(RECORDED DATA)
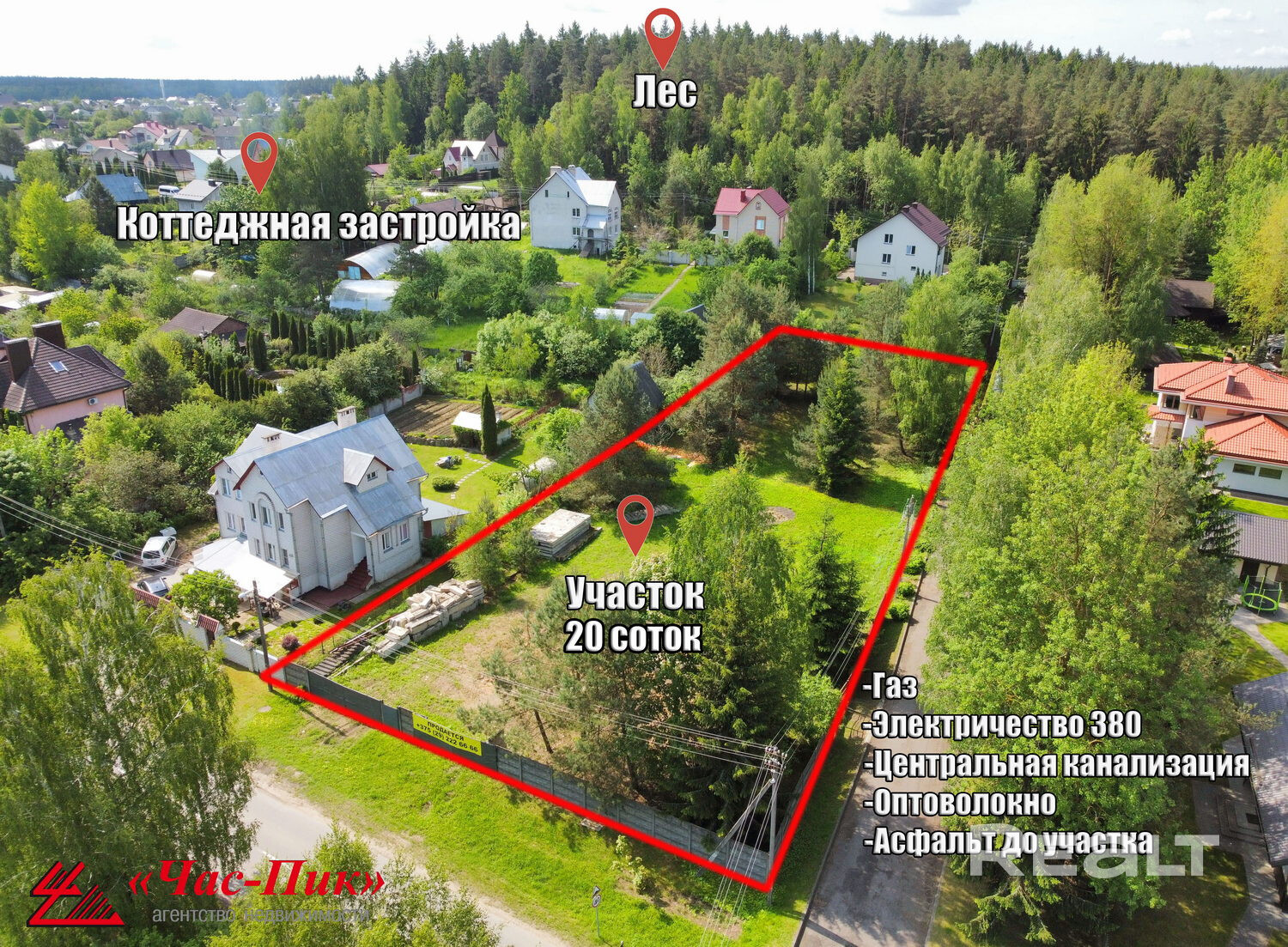 Жилая современная коттеджная застройка; все центральные коммуникации: свет 380, газ, центральный водопровод, центральная канализация, оптоволокно; возможность покупки второго смежного участка площадью 10 соток - в сумме 20 соток!
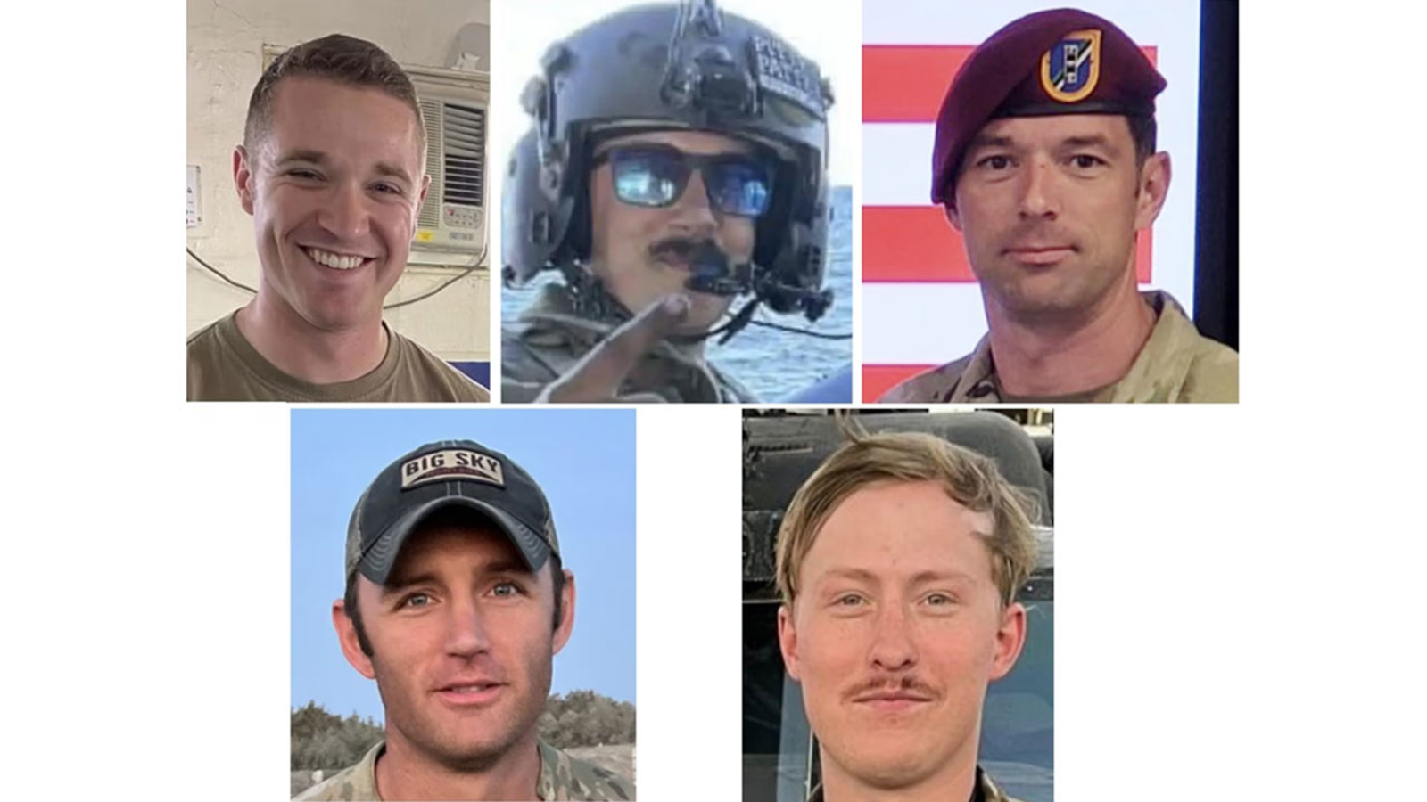 On Monday, the Department of Defense released the names of the service members: Chief Warrant Officer 3 Stephen R. Dwyer, 38, from Clarksville, Tennessee; Chief Warrant Officer 2 Shane M. Barnes, 34, from Sacramento, California; Staff Sgt. Tanner W. Grone, 26, from Gorham, New Hampshire; Sgt. Andrew P. Southard, 27, from Apache Junction, Arizona; and Sgt. Cade M. Wolfe, 24, from Mankato, Minnesota.
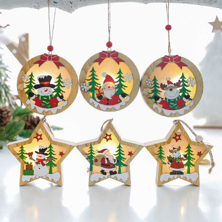 2 PCS Christmas Decoration Wooden Luminous Pendant Christmas Tree Decoration Accessories, Style:Round(Snowman)
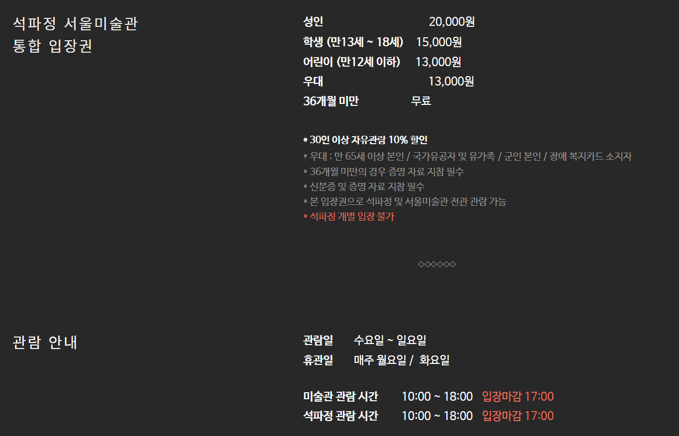 - 입장료: 성인 20,000원 / 청소년 15,000원 / 어린이 13,000원

(WORK INSTRUCTIONS) The lines from the one containing "On Monday, the" to the end of the material must be output exactly, both ends included; no picture may appear.

(OUTPUT FOR THIS TASK)
 On Monday, the Department of Defense released the names of the service members: Chief Warrant Officer 3 Stephen R. Dwyer, 38, from Clarksville, Tennessee; Chief Warrant Officer 2 Shane M. Barnes, 34, from Sacramento, California; Staff Sgt. Tanner W. Grone, 26, from Gorham, New Hampshire; Sgt. Andrew P. Southard, 27, from Apache Junction, Arizona; and Sgt. Cade M. Wolfe, 24, from Mankato, Minnesota.
 2 PCS Christmas Decoration Wooden Luminous Pendant Christmas Tree Decoration Accessories, Style:Round(Snowman)
 - 입장료: 성인 20,000원 / 청소년 15,000원 / 어린이 13,000원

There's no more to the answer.